Re: With big repos and slower connections, git clone can be hard to work with

ellie <el@xxxxxxxxxxx> · Sat, 8 Jun 2024 02:46:38 +0200

The deepening worked perfectly, thank you so much! I hope a resume will 
still be considered however, if even just to help out newcomers.

Regards,

Ellie

On 6/8/24 2:35 AM, rsbecker@xxxxxxxxxxxxx wrote:
On Friday, June 7, 2024 8:03 PM, ellie wrote:
Subject: Re: With big repos and slower connections, git clone can be hard to work
with

Thanks, this is very helpful as an emergency workaround!

Nevertheless, I usually want the entire history, especially since I wouldn't mind
waiting half an hour. But without resume, I've encountered it regularly that it just
won't complete even if I give it the time, while way longer downloads in the
browser would. The key problem here seems to be the lack of any resume.

I hope this helps to understand why I made the suggestion.

Regards,

Ellie

On 6/8/24 1:33 AM, rsbecker@xxxxxxxxxxxxx wrote:
On Friday, June 7, 2024 7:28 PM, ellie wrote:
I'm terribly sorry if this is the wrong place, but I'd like to
suggest a potential issue with "git clone".

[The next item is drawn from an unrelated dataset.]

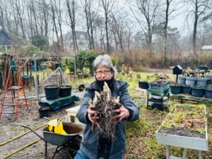 Terwijl op landgoed Belvédère in Overveen de eerste sneeuwklokjes alweer de grond uit plopten, wachtten de witlofstronken in onze moestuin daar geduldig onder een enorme berg aarde. En toen kwam daar donderdag souschef André met een grote schep om de laatste oogst van de winter op te graven. Het resultaat: een flinke hoop lelieblanke stronkjes, rechtstreeks uit de volle grond. Ze gaan maandag 16 februari in een spannend gerecht: witloftaart met ansjovis en citroen, een beproefd recept van mijn leermeester Eke Mariën. Als toetje een good old Brits geïnspireerde trifle, met cake, fruit en custardroom. Geef je hier op voor maandag 16 februari 10.00 uur. Hoofdmaaltijd 12,50 euro, toetje 4 euro.
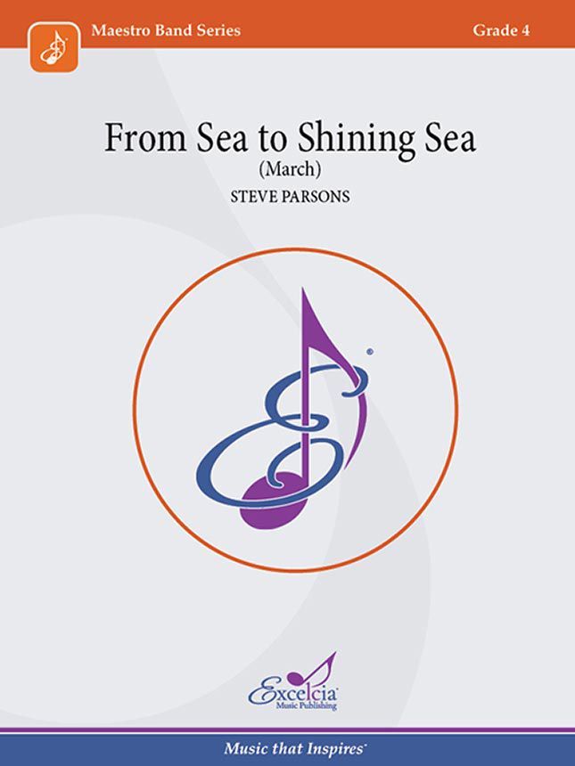 This 6/8 concert march by Steve Parsons is fresh and dynamic. Bursting with excitement, From Sea to Shining Sea is a great concert opener or closer.

The problem is that any sort of interruption or connection issue, no
matter how brief, causes the clone to stop and leave nothing behind:

$ git clone https://github.com/Nheko-Reborn/nheko
Cloning into 'nheko'...
remote: Enumerating objects: 43991, done.
remote: Counting objects: 100% (6535/6535), done.
remote: Compressing objects: 100% (1449/1449), done.
error: RPC failed; curl 92 HTTP/2 stream 5 was not closed cleanly:
CANCEL (err 8)
error: 2771 bytes of body are still expected
fetch-pack: unexpected disconnect while reading sideband packet
fatal: early EOF
fatal: fetch-pack: invalid index-pack output $ cd nheko
bash: cd: nheko: No such file or director

In my experience, this can be really impactful with 1. big repositories and 2.
unreliable internet - which I would argue isn't unheard of! E.g.
a developer may work via mobile connection on a business trip. The
result can even be that a repository is uncloneable for some users!

This has left me in the absurd situation where I was able to download
a tarball via HTTPS from the git hoster just fine, even way larger
binary release items, thanks to the browser's HTTPS resume. And yet a
simple git clone of the same project failed repeatedly.

My deepest apologies if I missed an option to fix or address this.
But summed up, please consider making git clone recover from hiccups.

Regards,

Ellie

PS: I've seen git hosters have apparent proxy bugs, like timing out
slower git clone connections from the server side even if the
transfer is ongoing. A git auto-resume would reduce the impact of that, too.

I suggest that you look into two git topics: --depth, which controls how much
history is obtained in a clone, and sparse-checkout, which describes the part of the
repository you will retrieve. You can prune the contents of the repository so that
clone is faster, if you do not need all of the history, or all of the files. This is typically
done in complex large repositories, particularly those used for production support
as release repositories.

Consider doing the clone with --depth=1 then using git fetch --depth=n as the resume. There are other options that effectively give you a resume, including --deepen=n.

Build automation, like Jenkins, uses this to speed up the clone/checkout.